(29) Halloumi, one of the two Cyprus gems, worth two of them!
- C Demeyer
- Feb 26, 2022
- 3 min read
Halloumi is a famous Cypriot cheese based on an early history method. The trick with the title is the fact that it is known by two names, the second being Hellim; its original and native name is Χαλλούμι.

Staff Party cheese trolley (2009) - good old times!
Obviously, this cheese is worth knowing for its quality, but as well because of its history. After all, it has been made for around two millennia, and this is proof enough that this is a well deserving product.
I propose to give you a better understanding of it through my usual style of description, as found below.
History
Halloumi is said to dates back from very ancient times, and a document of 1554 in a codex containing five manuscripts on the history of Cyprus kept in the library of the Correr Museum in Venice mentioned it as “Calumi”. The cheese was exported to many countries on a regular basis from the seventeenth century, meaning that it was part of the diet of the inhabitant of the island way before then. Mint used to be incorporated for its many properties and taste of freshness. Recently a problem arose when Northern Cypriots tried to export Hellim, as they are not recognised or part of the EU the solution was to have the island unified and then the production would be part of the whole country and treated as such. Furthermore, as the PDO covers actually the Greek side of the island, the northern production is somewhat in limbo with quality control in question as well. It has been granted PDO status in 2015; this proved to be contrary to many British dairies which were making Halloumi and derided the Cypriote product when the request of recognition was made.
Production area
The area of production of this cheese as recognised under the terms of the PDO is the administrative boundaries of the districts of Nicosia, Limassol, Larnaca, Famaguasta, Paphos, and Kyrenia.

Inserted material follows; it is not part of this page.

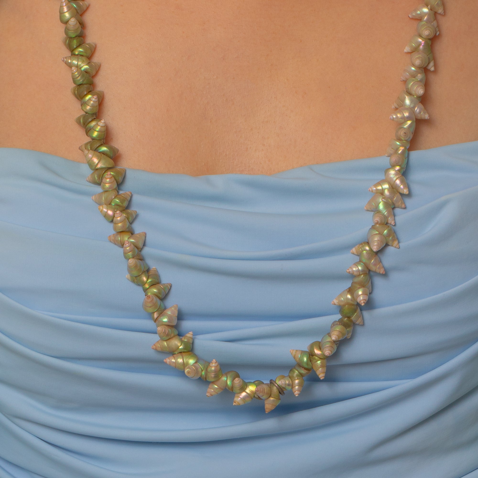 This exquisite Victorian necklace is strung with luminous green Tasmanian Marineer shells, a rare and highly sought-after material prized in the 19th century for its captivating iridescence. Each shell glows with soft golden-green and pink overtones, reflecting light beautifully as it moves.

It is almost all of the island of Cyprus, only omitting the north-east tip of the country. The climate is Mediterranean, very hot in Summer with wet and cool winters. The flora is very varied and abundant, one of the best in the Mediterranean Sea, and the geology means that water is available when the rains stop with the many rivers which flows toward the plain areas through the rest of the year.
Method of production
The milk is from the area of production and is of goat and/or ewe origin with possible addition of cow, but never only cow’s milk. It is pasteurised, or heated above 65oc pasteurised, or heated above 65oc, and if cow’s milk is used it cannot be more than the other animals’. The animals are of local breeds, and graze as much as possible weather permitting with minimum supplementary feed.
The milk is brought up to body temperature with possibly some lactic cultures and traditional animal rennet is added for coagulation. The resulting curd mass is gently cut while the temperature is brought slightly up. The grains sink to the bottom of the vat, the whey is removed and kept separate and the curd is made as a mass.
Then it is cooked in whey, over 90oc and at least 30 minutes. The new cheese is gathered by hand and folded with a leaf of mint in the middle. It is sold fresh, or is then matured for a minimum of 40 days in salted whey. When fresh it is elastic, and when matured it is supple.
Look, feel, and taste
The specific look of this small lump of cheese has a touch of green in the middle, most of the times, as a leaf of mint is introduced between the folds. Unprepared, or not cooked if you prefer, it has a pungent wet hay aroma and a really salty taste with a dairy feel more pronounced for the fresh version.
Safe keeping
To be consumed fresh or kept for a few days if matured, wrap in cling film or cheese paper and keep in refrigerator.
Statistics
17200 tonnes in 2015.
And remember, give life to your taste buds, and above all, enjoy real cheese.